You have to learn it too. My dad plays bass in my live shows now, which is a coincidence because the bassist I’d contacted couldn’t come. He offered to accompany me and my djembe teachers. It helped, because even though I was clear about how I wanted to prepare the live set, I’m not used to playing live. For my first concert, he helped me structure the songs and make them more dynamic and intuitive for the rest of the musicians. He taught me to understand how they worked and how to hold the audience’s attention. But I would’ve loved for him to be a part of the audience and enjoy everything I’d prepared on my own.

Bikôkô | Apartamento Magazine

[00:00–07:00] NIGHT

Playing: ‘Sing to the Moon’, Laura Mvula

And yet, it was hard for you to sing in front of your parents. Were you afraid that they’d crush the dream of dedicating yourself to singing?

I’ve never figured out why I was so afraid of it, maybe because I’d realise that singing wasn’t my thing. If I didn’t sing in front of other people, no one could tell me that I wasn’t good at it. But even if I like maths, I can’t imagine dedicating myself to anything other than music. 

Is there a difference between Neï and Bikôkô?
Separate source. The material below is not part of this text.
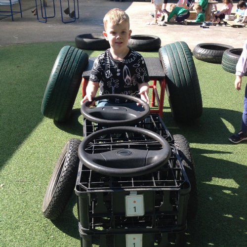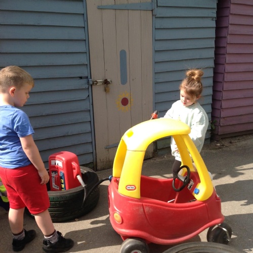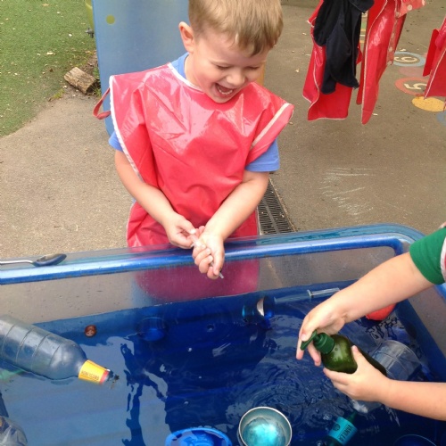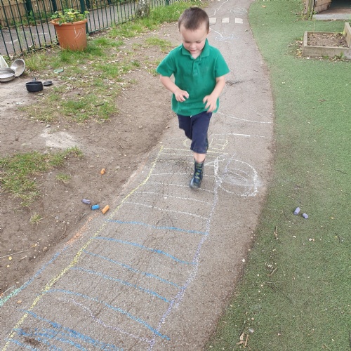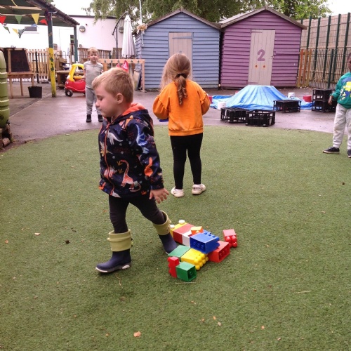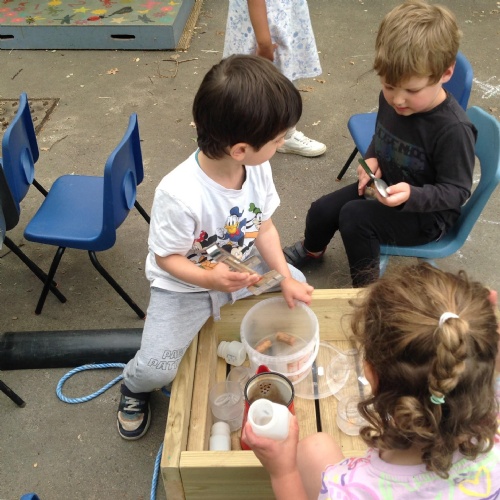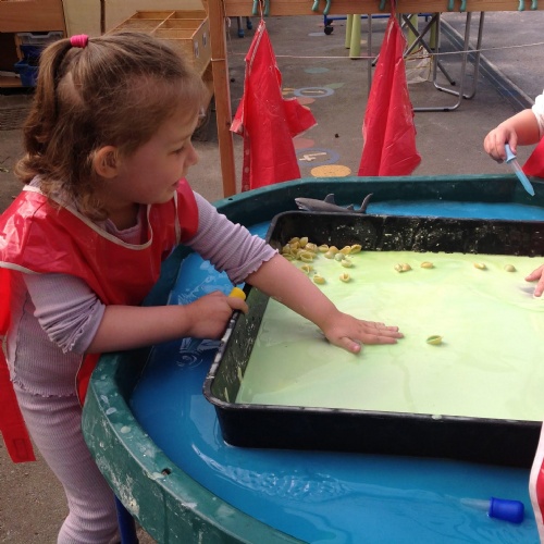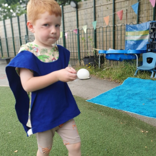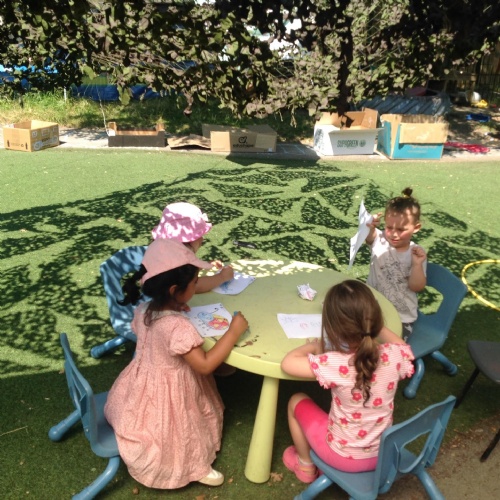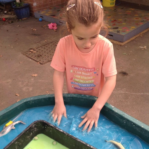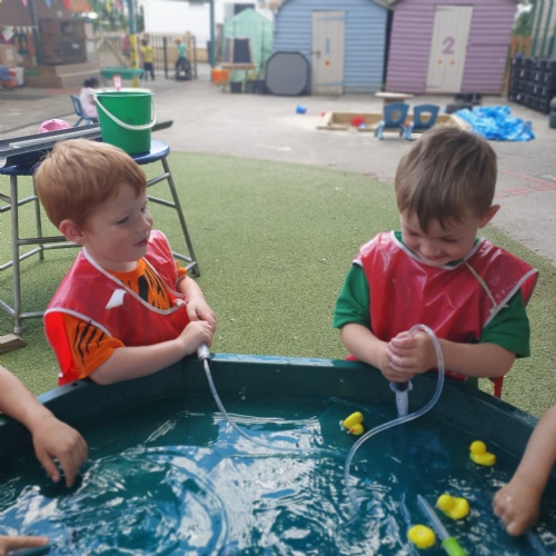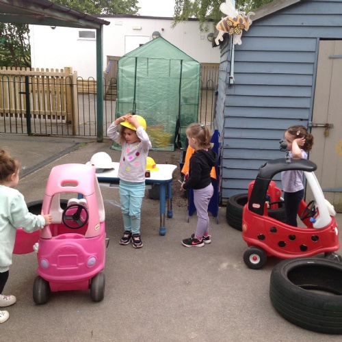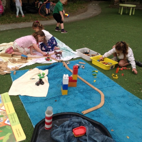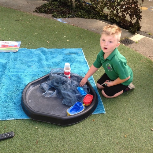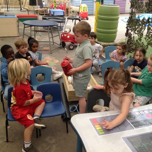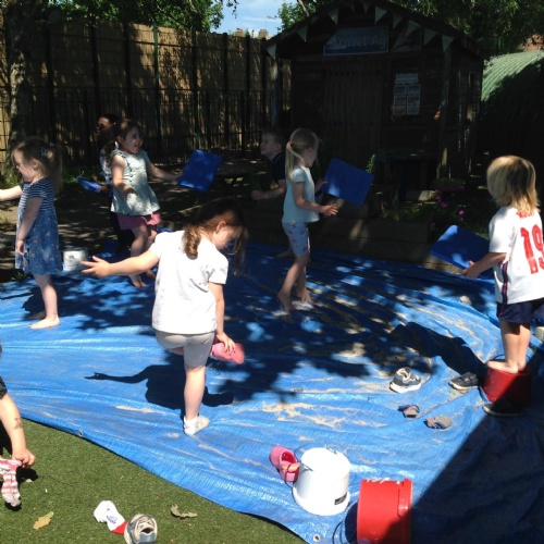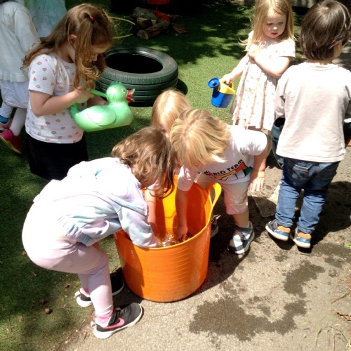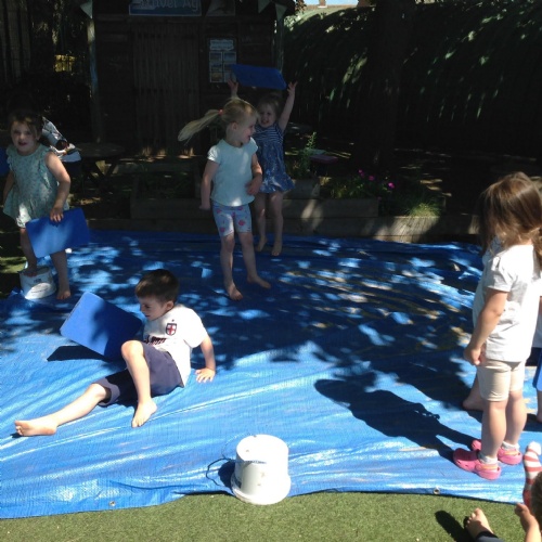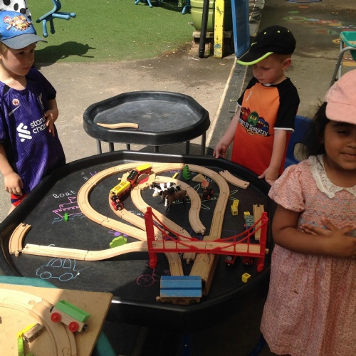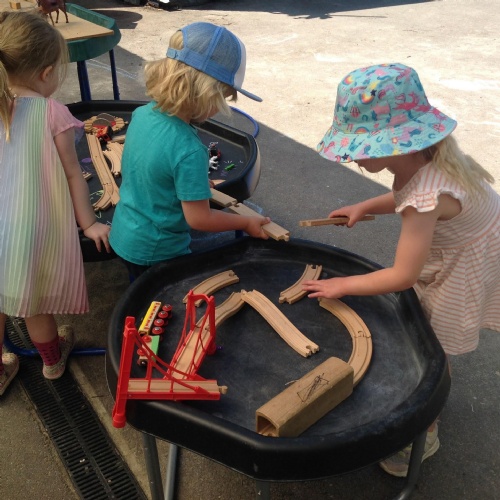 This week we have been reading the story The Train Ride by June Crebbin. We have been making trains and tracks with a variety of resources. There have also been creative ways to cool down in the heat from putting our feet in the tuff tray of water and running under the jets of water from the hose. You may have noticed that our garden kitchen has been moved about, allowing it to be easier to use water in it. There are four new water containers to hold the different colour water for mixing. All the children have enjoyed spending time in there this week.

Yes and no. Neï has accompanied me from birth and is more difficult to explain because you can’t describe a person through attributes alone. She’s a more dispersed entity. Bikôkô is the part of me reserved for artistic creation. Within that, there’s a phase where I actively search for a sound and record it, but in every song there’s also a moment when I stop thinking and the subconscious comes into play. The ideas come out on their own, as if the songs were already made in my head, and my body were just the vehicle through which they come out. That part of me is Bikôkô.